There were strict rules at the club that no one was allowed to touch or
otherwise deal with the Bunnies in any salacious manner—i.e., in a way that
today would make an office-working woman want to cry “sexual harassment!” The
Bunnies were all about corporate image, just as if you went to a McDonald’s and
saw some shmoe there dressed up like Ronald McDonald. Men, of course (and
whatever women who might be inclined), could ogle the Bunnies (just as they
might at a waitress at today’s Hooters or the casinos that have waitresses
dressed in a comely fashion).
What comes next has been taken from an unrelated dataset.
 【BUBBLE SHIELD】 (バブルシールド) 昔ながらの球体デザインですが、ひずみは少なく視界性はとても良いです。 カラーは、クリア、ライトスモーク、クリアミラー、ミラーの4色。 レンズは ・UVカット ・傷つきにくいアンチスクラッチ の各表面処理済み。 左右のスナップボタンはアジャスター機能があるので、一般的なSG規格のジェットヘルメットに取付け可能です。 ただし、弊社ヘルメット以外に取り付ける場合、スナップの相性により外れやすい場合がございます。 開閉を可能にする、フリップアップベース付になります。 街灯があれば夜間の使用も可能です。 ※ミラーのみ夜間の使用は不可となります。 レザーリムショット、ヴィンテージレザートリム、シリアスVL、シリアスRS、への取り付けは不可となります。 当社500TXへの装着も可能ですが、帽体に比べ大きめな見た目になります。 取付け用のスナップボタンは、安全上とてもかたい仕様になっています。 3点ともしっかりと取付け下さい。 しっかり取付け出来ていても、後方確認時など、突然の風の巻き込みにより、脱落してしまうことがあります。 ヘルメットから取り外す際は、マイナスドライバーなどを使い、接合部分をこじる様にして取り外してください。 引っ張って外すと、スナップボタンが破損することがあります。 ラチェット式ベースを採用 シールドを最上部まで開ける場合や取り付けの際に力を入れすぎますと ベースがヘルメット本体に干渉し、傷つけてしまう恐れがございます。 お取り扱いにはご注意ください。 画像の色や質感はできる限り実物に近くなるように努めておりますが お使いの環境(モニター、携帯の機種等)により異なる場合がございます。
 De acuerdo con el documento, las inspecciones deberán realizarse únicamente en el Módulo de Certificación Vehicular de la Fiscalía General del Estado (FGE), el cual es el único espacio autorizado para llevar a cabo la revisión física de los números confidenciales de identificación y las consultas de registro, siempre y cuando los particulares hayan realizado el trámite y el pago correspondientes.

But clearly if some dork had a few too many
highballs and groped a Bunny, he would be shown the door in no time.
The Bunnies wore costumes—of
course, along with “ears” that were held up as a headdress of sorts—that looked
from a distance like one-piece bathing suits, but they were actually on the
bulky side, and had pockets for carrying things. I think they wore high-heel
shoes—part of the image—but again, this was part of a costume.
There was also a “Bunny
Mother”—a supervisor who worked with the Bunnies, while the latter all got dressed
in their Bunny outfits in their special locker room. The “Bunny Mother”
certainly didn’t wear a Bunny costume. The Bunny Mother—to the extent I
understood what she did (other busboys there knew more about her, I think) had
some supervisory function related to scheduling (and maybe did some level of
coaching), and possibly addressed more normal workplace issues, etc. And the
Bunny Mother, as I recall the one I knew about, did not look like a Bunny; she
had more in common with Rosie the Riveter—and I recall she was
hefty, too.
The lessons for today posed by Playboy Bunnies
I have thought numerous times over recent years that one difference
between the women who worked as Playboy Bunnies in the late 1970s and some of
today’s young female Turks in media companies is that the Bunnies knew they
were doing a job. Today’s young Turks—I don’t know; I think they think they’re fighting the Good
Fight for Women’s Rights, along with carting that mundane paperwork around. But
if they remembered we are all in the
office to, Number One, do a job, then
they’d share something in common with the old Playboy Bunnies, which is that
they are doing a job in line with the expectations of the company they work
for. If a woman in 1979 was willing to portray a Bunny, to the (discreetly)
horny looks of an occasional male customer, she would do this, with bemusement
and a sense of safety. She knew the company rules would protect her. And she
had income to earn, not some vapid ideal to raise a stink about, not quite
appropriately within the context of normal company business.
You didn’t have women working then
(at least as far as I saw) in an office setting as you might have today, a
setting that has little in common with the old high-class Playboy country-club
environs, and which may seem at first to have nothing to do with sex; and
then—what do you know!—she’s being used to have her pretty face grease the rails
in some greasier sales transaction.
As in, shall we say?, the
seamier parts of today’s medical marketing, where, strangely, sex is used
because, for an example, sometimes, the admin manning the computer “cockpit” at
the conference table with the (my term) ad-agency pitch clique in a meeting where each side of the agency/client
divide could see the other—well, that admin looks a bit like Bo Derek, and the
dazzled (male) Big Pharma potential client says, “Sure, I’ll sign on the dotted
line. You can have our business for our Baby Poison Sugar-Free Throat
Lozenges.” (Fair balance: The paragraph contains a certain amount of satire.)